[[ Provided material open ]]
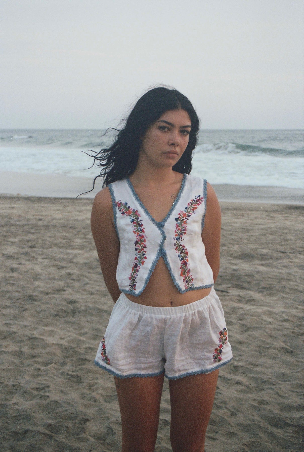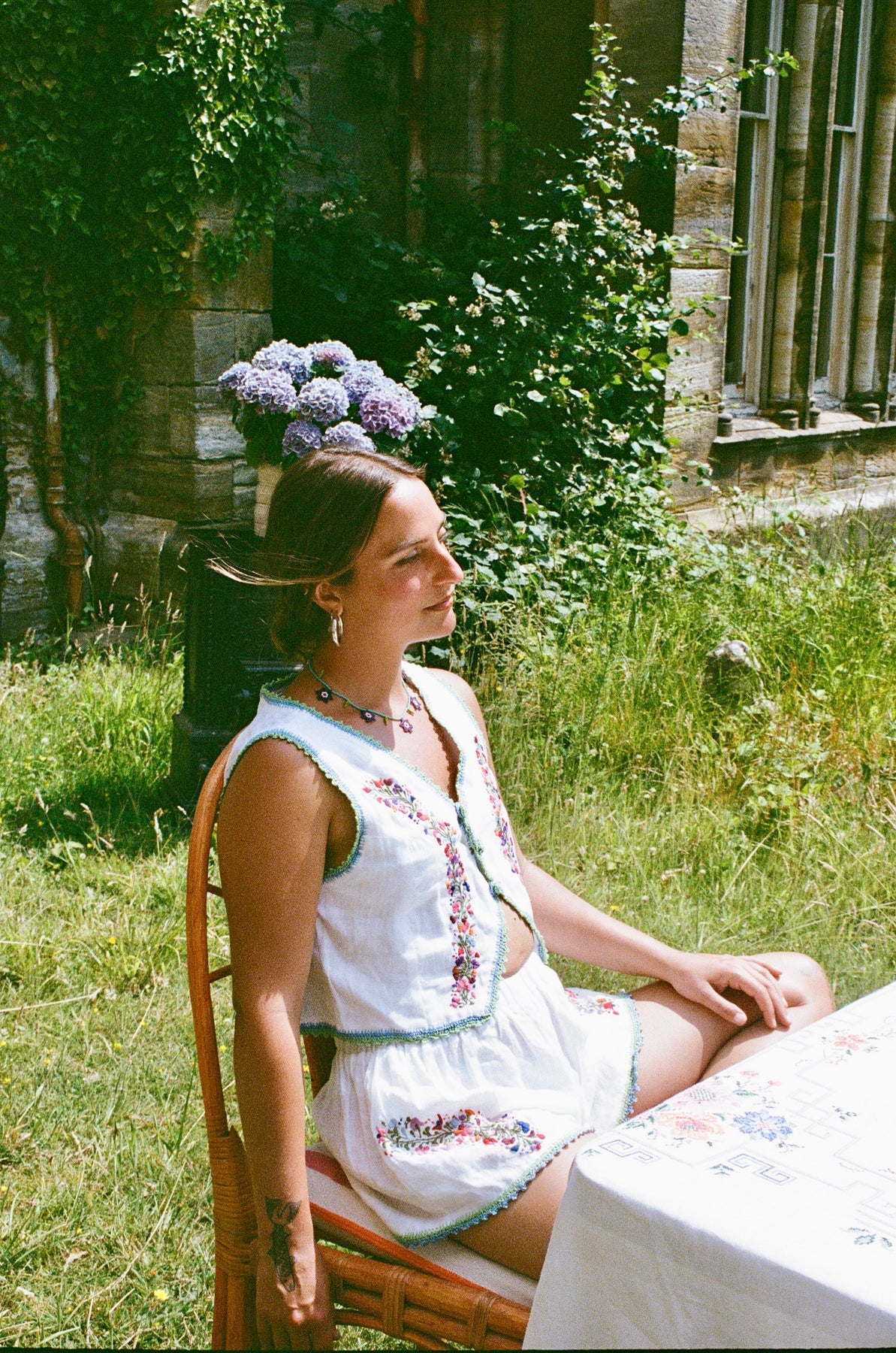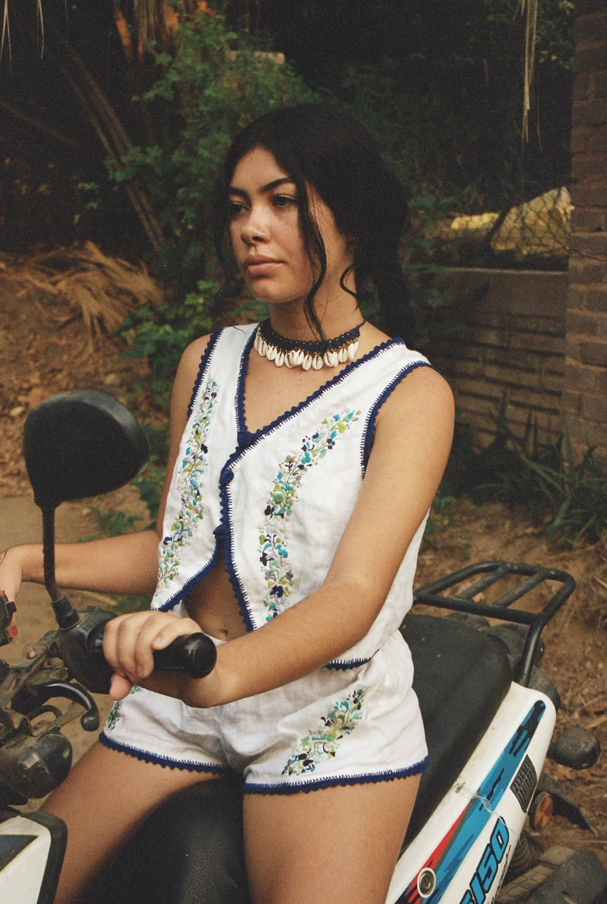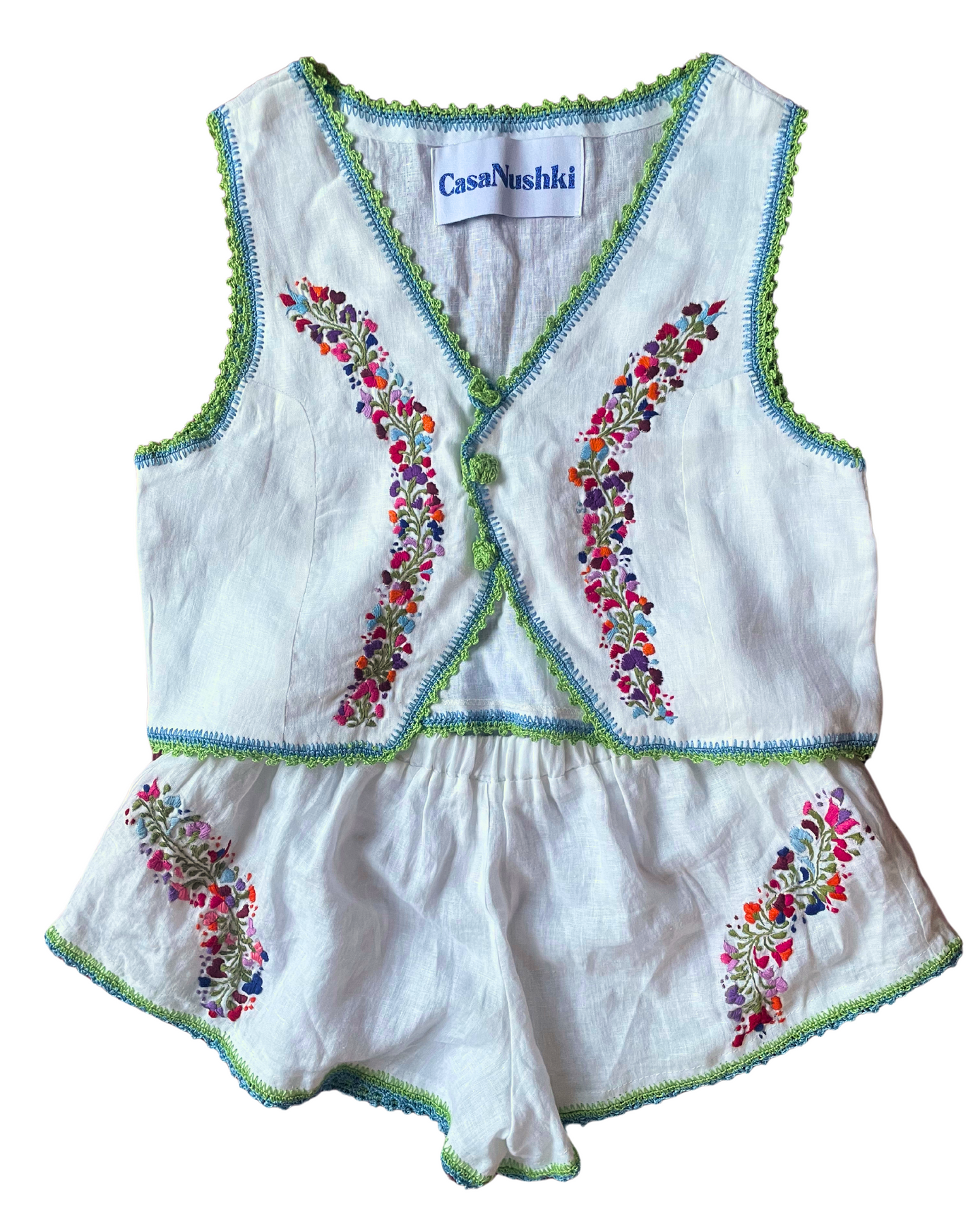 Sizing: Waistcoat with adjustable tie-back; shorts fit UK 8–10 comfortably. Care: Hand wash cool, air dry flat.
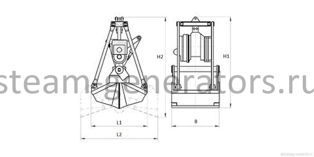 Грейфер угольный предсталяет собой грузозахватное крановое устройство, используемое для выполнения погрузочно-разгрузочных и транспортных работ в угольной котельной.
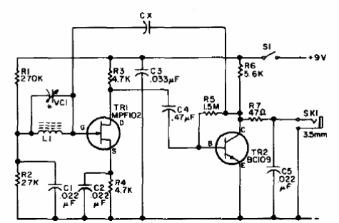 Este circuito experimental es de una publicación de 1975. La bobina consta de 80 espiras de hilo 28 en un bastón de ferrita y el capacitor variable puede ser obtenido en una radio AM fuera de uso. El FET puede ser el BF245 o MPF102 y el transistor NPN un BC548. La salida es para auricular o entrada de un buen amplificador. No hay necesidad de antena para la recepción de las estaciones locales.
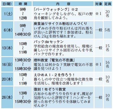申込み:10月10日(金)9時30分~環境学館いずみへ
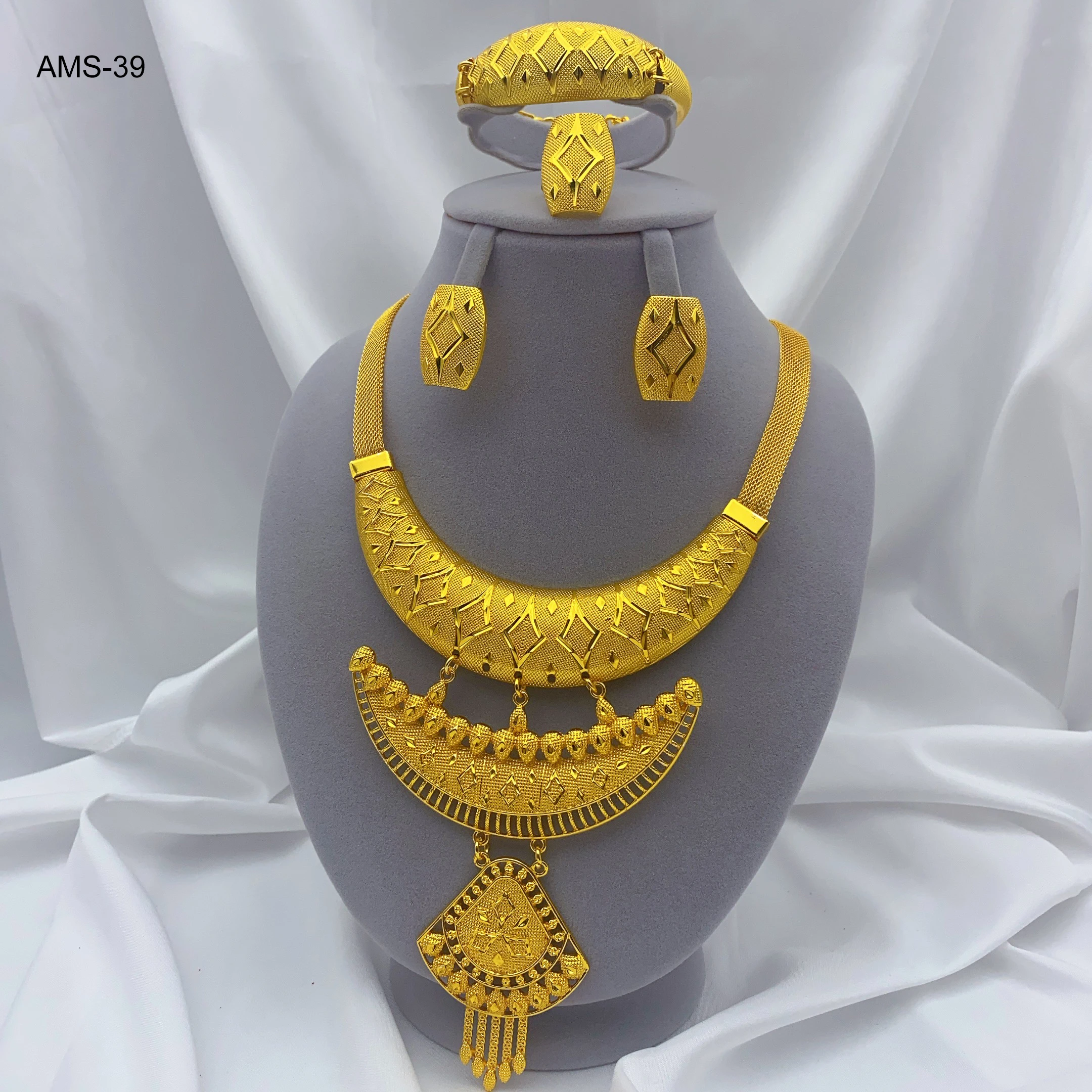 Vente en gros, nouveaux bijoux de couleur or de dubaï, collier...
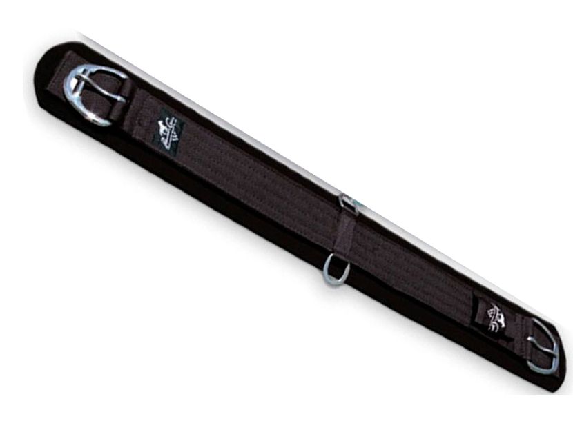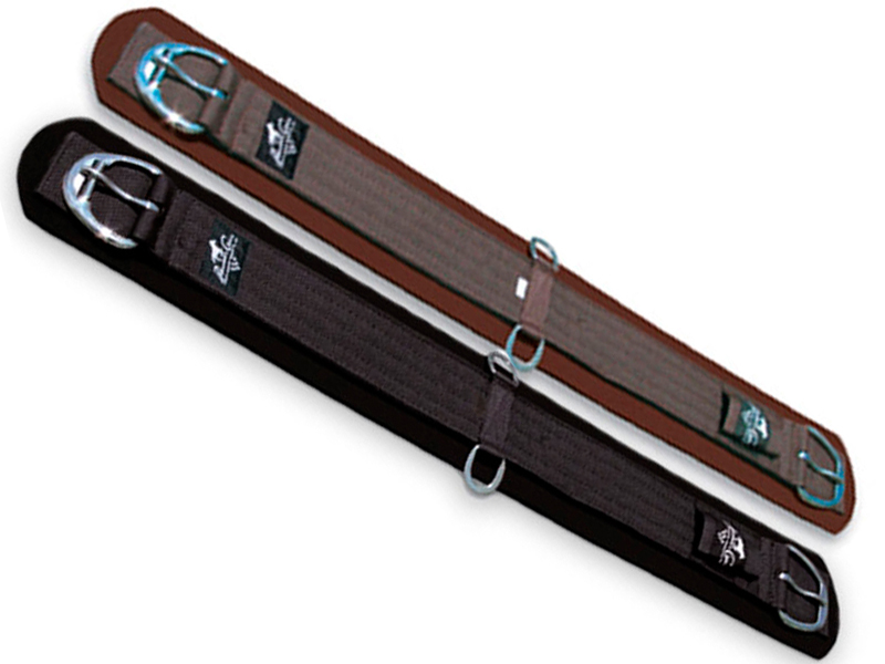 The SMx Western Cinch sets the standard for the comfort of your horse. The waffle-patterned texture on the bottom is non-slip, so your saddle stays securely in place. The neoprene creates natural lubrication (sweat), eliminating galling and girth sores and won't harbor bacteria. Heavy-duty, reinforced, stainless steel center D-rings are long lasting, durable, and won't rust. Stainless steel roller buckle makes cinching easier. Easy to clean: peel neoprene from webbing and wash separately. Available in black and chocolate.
[[ Provided material closed ]]
### [Your objective]
Starting at the line that contains "Este circuito experimental", write out every line through the end of the entries, both ends included, without any pictures.

### [Exercise result]
 Este circuito experimental es de una publicación de 1975. La bobina consta de 80 espiras de hilo 28 en un bastón de ferrita y el capacitor variable puede ser obtenido en una radio AM fuera de uso. El FET puede ser el BF245 o MPF102 y el transistor NPN un BC548. La salida es para auricular o entrada de un buen amplificador. No hay necesidad de antena para la recepción de las estaciones locales.
申込み:10月10日(金)9時30分~環境学館いずみへ
 Vente en gros, nouveaux bijoux de couleur or de dubaï, collier...
 The SMx Western Cinch sets the standard for the comfort of your horse. The waffle-patterned texture on the bottom is non-slip, so your saddle stays securely in place. The neoprene creates natural lubrication (sweat), eliminating galling and girth sores and won't harbor bacteria. Heavy-duty, reinforced, stainless steel center D-rings are long lasting, durable, and won't rust. Stainless steel roller buckle makes cinching easier. Easy to clean: peel neoprene from webbing and wash separately. Available in black and chocolate.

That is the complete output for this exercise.